_The data_.
━━━━━━━━

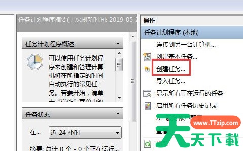 4、然后大家就可以建立自己的计划任务,在页面右侧的“操作”下面,鼠标击“创建任务”字样;
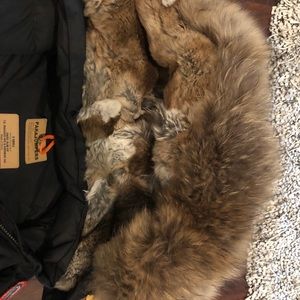 Very warm with real rabbit all throughout inside of hood. This is a slim fitting coat in size S. This is a true S Worn only half a season and unfortunately no longer fits!
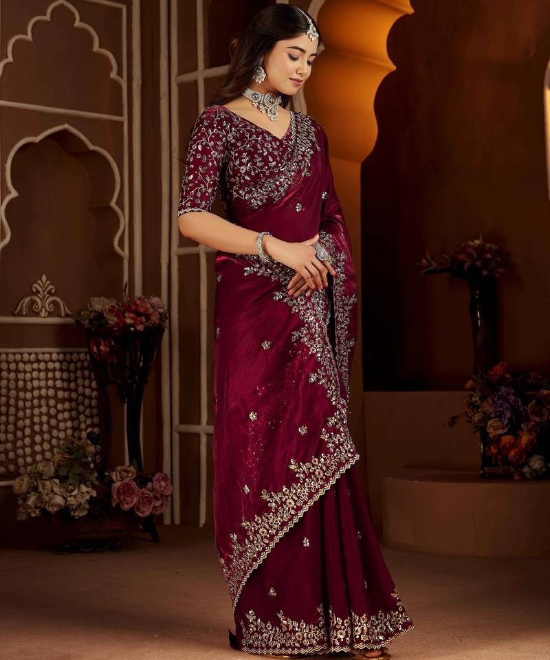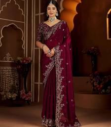 Wine color satin silk saree with heavy jari embroidery work & designer blouse

━━━━━━━━

_Assignment_. The whole listing is to be written out exactly; the pictures stay out of the copy.

_Expected answer_.
 4、然后大家就可以建立自己的计划任务,在页面右侧的“操作”下面,鼠标击“创建任务”字样;
 Very warm with real rabbit all throughout inside of hood. This is a slim fitting coat in size S. This is a true S Worn only half a season and unfortunately no longer fits!
 Wine color satin silk saree with heavy jari embroidery work & designer blouse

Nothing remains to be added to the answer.